Where were they last year at this time when the Donald disastrously anointed a 52-year Federal apparatchik, publicity-hound and scientific lightweight to be the Covid-czar? And then, they permitted him to host his own daily reality TV show which sparked the calamity of Lockdown Nation and impregnated the national psyche with unhinged hysteria about a respiratory virus that was not appreciably more virulent than many which had come before.

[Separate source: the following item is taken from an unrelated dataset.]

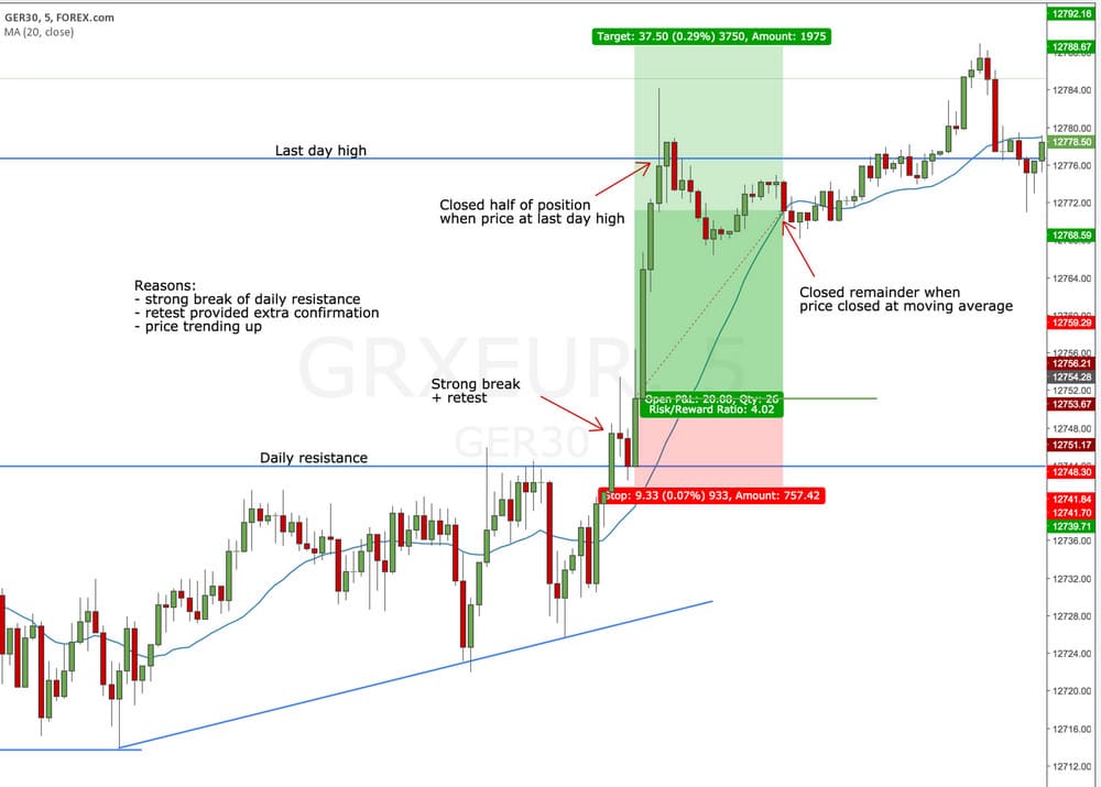 Although entirely optional, a chart screenshot can include information that makes it easier to represent why you took (or didn’t take) the trade. Here’s an example of how such a screenshot might look. Of course, the actual annotations will be different for everyone.
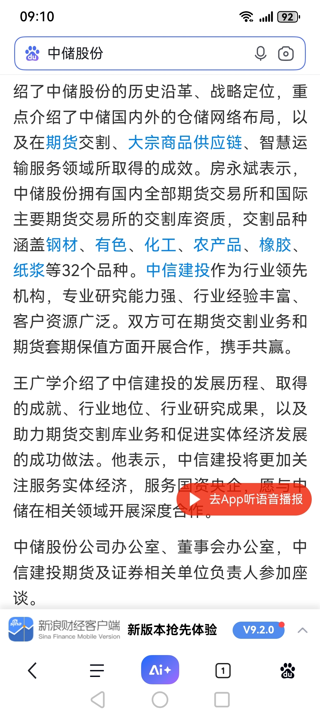 $中储股份(SH600787)$ 中储股份拥有国内全部期货交易所和国际主要期货交易所的交割库资质,交割品种涵盖钢材、有色、化工、农产品、橡胶、纸浆等32个品种。这破玩意资产多,手里现金多,还有武汉二十多亿拆迁款快要到账,有息负债才一点点,题材有中储智运上市预期等,市值才一百多亿,明显严重低估。股价就是不知道被哪个缺德货每天故意压着逼散户低位割肉卖出去。唉,只能耗着了,这么便宜的价格卖不下手啊。

There were plenty of scientific voices at the time who said this was a giant folly, but even a brief acquaintance with the history of respiratory diseases and the principles of constitutional government was all that was required to deliver a loud, no!

Senator Rand Paul was one of the few who did from the very beginning, and now that the data is in and the visible pandemic is fast fading, he has been fully vindicated. Indeed, we have rarely seen anything which more powerfully discredits the Covid-as-Black Plague Myth and the resulting depredations of the Virus Patrol than the chart below.
Click image for larger size.
It shows the age-adjusted death rate from all causes for the 120 year span since 1900. As such, it takes all the noise and misdirection out of the daily Covid counts blared across the screen by the cable TV chyrons, and actually embeds the matter in real science.

That is to say, it’s age-adjusted so that the rapidly increasing population of the very elderly with inherently high mortality rates does not bias the picture. Nor do the squirrely death certificate coding conventions promulgated by the CDC last March distort the metric. That’s because it includes deaths from all causes - including the hundreds of thousands where the deceased succumbed to multitudinous causes and co-morbidities but also tested positive under the radically flawed PCR test for Covid.

Needless to say, when the age-adjusted mortality rate from all causes oscillated at about 7 per 1,000 population in recent years and then blipped up to about 8 per 1,000 in 2020 (green bar), you do not have a Black Plague or even a deathly pandemic.

What you have is a bad flu season that unfortunately resulted in a modest excess death rate -and one overwhelmingly centered in the nursing homes and the very elderly population beset with weak immune systems. Also, you have an all-causes death rate that was actually no higher than what was taken as a standard outcome as recently as 2004–2006.

The point is, the chart tells you that there should never have been a Covid hysteria or a lockdown, which caused previously unthinkable economic repercussions such as 70 million newly filed unemployment claims. That’s to say nothing of the crash of whole industries such as air travel and restaurants, the loss of lifetime investments by several millions of small businessmen and entrepreneurs, and the calamity of $6 trillion of Everything Bailouts that were recklessly stood up to compensate for the lockdown carnage.

A few decades from now, the blip represented by the green bar will hardly be visible with even a magnifying glass. That’s because several subsequent years will show a small dip in the annual mortality rates owing to the fact that the Grim Reaper came a few months early when medical treatments and therapeutic protocols failed to become available to the most vulnerable in the initial months of the pandemic.

More importantly, the reason for the sweeping folly of 2020 will become readily apparent. It wasn’t "the science." On the contrary, it was the result of an old-fashioned power grab by a camarilla of public health bureaucrats, their overlords in the pharma industry and the state and local officials who suddenly had a chance to wield dictatorial powers over the daily lives of their constituents.

No rational government in a free society with a healthy opposition party would have wreaked the havoc brought upon America during the last year owing to the tiny blip reflected in the green bar below.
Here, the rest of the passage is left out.